TASK REQUIREMENTS — The data should be written out in full, exactly as it stands, and the pictures dropped.

[Stored items from a collection]

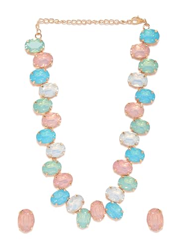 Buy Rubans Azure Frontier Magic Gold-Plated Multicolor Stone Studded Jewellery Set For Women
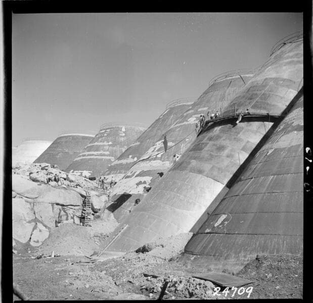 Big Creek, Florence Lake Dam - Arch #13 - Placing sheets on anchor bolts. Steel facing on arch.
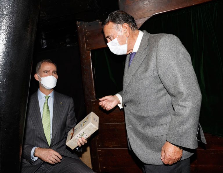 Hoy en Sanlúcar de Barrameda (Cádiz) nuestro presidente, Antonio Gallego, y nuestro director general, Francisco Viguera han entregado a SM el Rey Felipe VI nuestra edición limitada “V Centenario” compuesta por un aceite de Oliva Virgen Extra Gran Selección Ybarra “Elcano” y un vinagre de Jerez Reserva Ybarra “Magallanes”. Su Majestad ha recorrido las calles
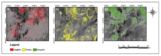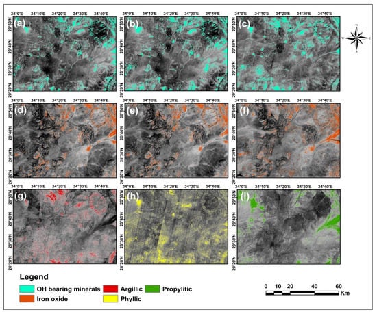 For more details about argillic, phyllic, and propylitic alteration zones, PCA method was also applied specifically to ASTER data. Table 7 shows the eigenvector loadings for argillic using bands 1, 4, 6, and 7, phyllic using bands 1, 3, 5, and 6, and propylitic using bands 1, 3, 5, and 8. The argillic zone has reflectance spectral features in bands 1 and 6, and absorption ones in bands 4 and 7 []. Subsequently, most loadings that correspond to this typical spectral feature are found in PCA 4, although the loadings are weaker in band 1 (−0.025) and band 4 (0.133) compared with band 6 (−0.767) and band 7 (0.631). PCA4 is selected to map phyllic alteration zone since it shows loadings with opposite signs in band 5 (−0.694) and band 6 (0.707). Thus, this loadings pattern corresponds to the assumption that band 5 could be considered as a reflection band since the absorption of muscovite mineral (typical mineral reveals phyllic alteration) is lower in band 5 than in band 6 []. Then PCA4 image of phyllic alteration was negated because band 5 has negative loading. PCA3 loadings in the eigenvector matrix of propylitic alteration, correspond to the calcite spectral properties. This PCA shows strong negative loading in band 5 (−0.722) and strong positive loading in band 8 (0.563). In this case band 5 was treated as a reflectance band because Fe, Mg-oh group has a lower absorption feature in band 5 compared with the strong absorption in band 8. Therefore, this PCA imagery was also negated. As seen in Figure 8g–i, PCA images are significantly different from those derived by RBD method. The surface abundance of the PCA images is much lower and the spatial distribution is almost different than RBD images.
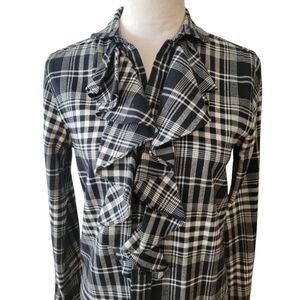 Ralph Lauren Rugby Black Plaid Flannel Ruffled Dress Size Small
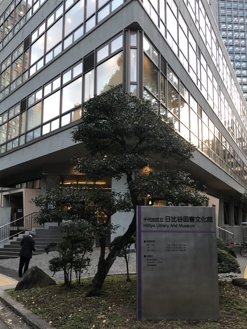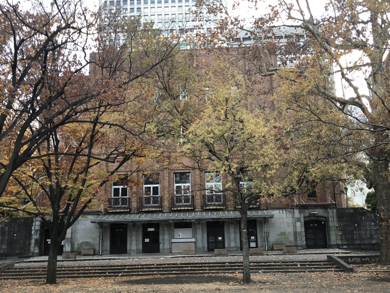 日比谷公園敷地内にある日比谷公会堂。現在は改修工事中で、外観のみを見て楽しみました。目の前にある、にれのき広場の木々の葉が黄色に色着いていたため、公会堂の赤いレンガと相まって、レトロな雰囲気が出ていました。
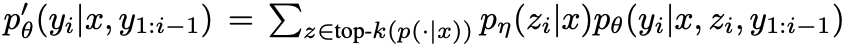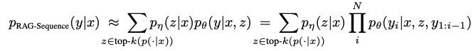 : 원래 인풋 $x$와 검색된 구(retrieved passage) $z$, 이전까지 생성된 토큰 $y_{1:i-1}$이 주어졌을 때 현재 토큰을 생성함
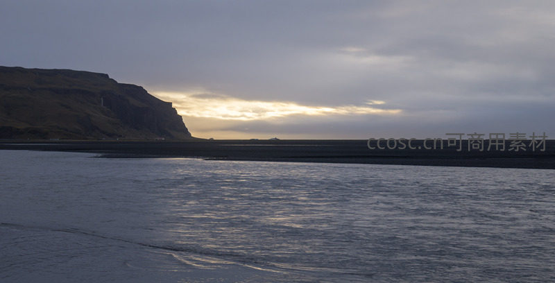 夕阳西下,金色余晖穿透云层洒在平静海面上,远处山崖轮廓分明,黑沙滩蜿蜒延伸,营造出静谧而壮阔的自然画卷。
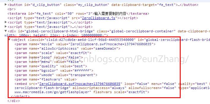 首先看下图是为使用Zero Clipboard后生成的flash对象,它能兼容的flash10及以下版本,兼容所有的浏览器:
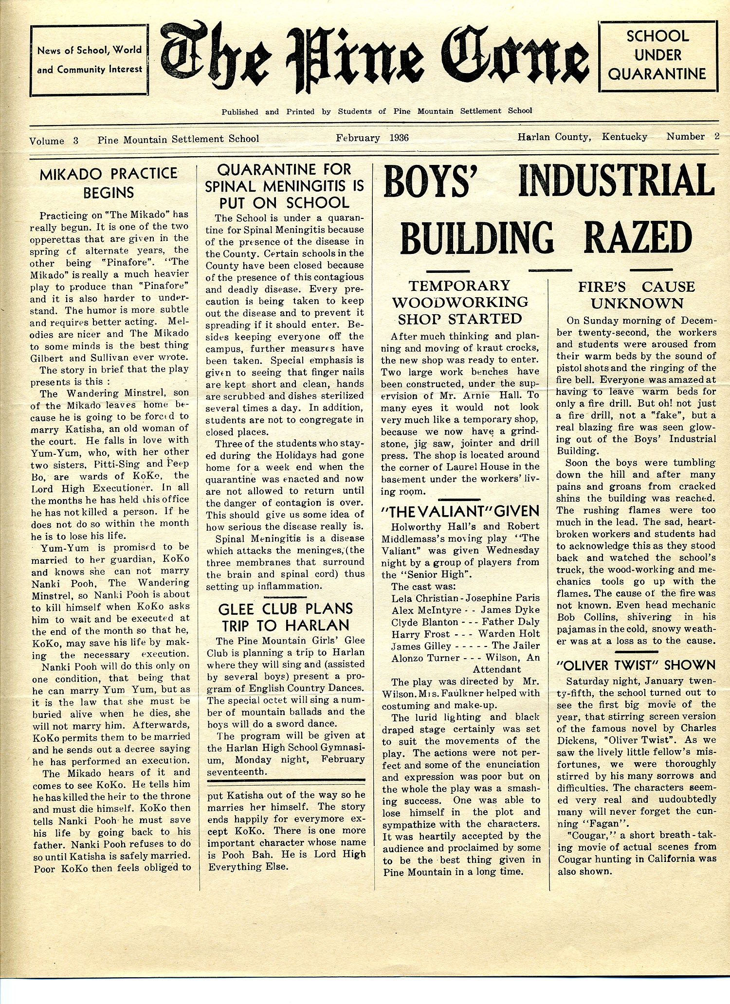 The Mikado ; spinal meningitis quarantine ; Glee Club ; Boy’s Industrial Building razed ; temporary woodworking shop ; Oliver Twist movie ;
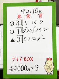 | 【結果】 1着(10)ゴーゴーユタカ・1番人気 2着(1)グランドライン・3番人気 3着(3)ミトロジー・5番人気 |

TASK RESPONSE —
 Buy Rubans Azure Frontier Magic Gold-Plated Multicolor Stone Studded Jewellery Set For Women
 Big Creek, Florence Lake Dam - Arch #13 - Placing sheets on anchor bolts. Steel facing on arch.
 Hoy en Sanlúcar de Barrameda (Cádiz) nuestro presidente, Antonio Gallego, y nuestro director general, Francisco Viguera han entregado a SM el Rey Felipe VI nuestra edición limitada “V Centenario” compuesta por un aceite de Oliva Virgen Extra Gran Selección Ybarra “Elcano” y un vinagre de Jerez Reserva Ybarra “Magallanes”. Su Majestad ha recorrido las calles
 For more details about argillic, phyllic, and propylitic alteration zones, PCA method was also applied specifically to ASTER data. Table 7 shows the eigenvector loadings for argillic using bands 1, 4, 6, and 7, phyllic using bands 1, 3, 5, and 6, and propylitic using bands 1, 3, 5, and 8. The argillic zone has reflectance spectral features in bands 1 and 6, and absorption ones in bands 4 and 7 []. Subsequently, most loadings that correspond to this typical spectral feature are found in PCA 4, although the loadings are weaker in band 1 (−0.025) and band 4 (0.133) compared with band 6 (−0.767) and band 7 (0.631). PCA4 is selected to map phyllic alteration zone since it shows loadings with opposite signs in band 5 (−0.694) and band 6 (0.707). Thus, this loadings pattern corresponds to the assumption that band 5 could be considered as a reflection band since the absorption of muscovite mineral (typical mineral reveals phyllic alteration) is lower in band 5 than in band 6 []. Then PCA4 image of phyllic alteration was negated because band 5 has negative loading. PCA3 loadings in the eigenvector matrix of propylitic alteration, correspond to the calcite spectral properties. This PCA shows strong negative loading in band 5 (−0.722) and strong positive loading in band 8 (0.563). In this case band 5 was treated as a reflectance band because Fe, Mg-oh group has a lower absorption feature in band 5 compared with the strong absorption in band 8. Therefore, this PCA imagery was also negated. As seen in Figure 8g–i, PCA images are significantly different from those derived by RBD method. The surface abundance of the PCA images is much lower and the spatial distribution is almost different than RBD images.
 Ralph Lauren Rugby Black Plaid Flannel Ruffled Dress Size Small
 日比谷公園敷地内にある日比谷公会堂。現在は改修工事中で、外観のみを見て楽しみました。目の前にある、にれのき広場の木々の葉が黄色に色着いていたため、公会堂の赤いレンガと相まって、レトロな雰囲気が出ていました。
 : 원래 인풋 $x$와 검색된 구(retrieved passage) $z$, 이전까지 생성된 토큰 $y_{1:i-1}$이 주어졌을 때 현재 토큰을 생성함
 夕阳西下,金色余晖穿透云层洒在平静海面上,远处山崖轮廓分明,黑沙滩蜿蜒延伸,营造出静谧而壮阔的自然画卷。
 首先看下图是为使用Zero Clipboard后生成的flash对象,它能兼容的flash10及以下版本,兼容所有的浏览器:
 The Mikado ; spinal meningitis quarantine ; Glee Club ; Boy’s Industrial Building razed ; temporary woodworking shop ; Oliver Twist movie ;
 | 【結果】 1着(10)ゴーゴーユタカ・1番人気 2着(1)グランドライン・3番人気 3着(3)ミトロジー・5番人気 |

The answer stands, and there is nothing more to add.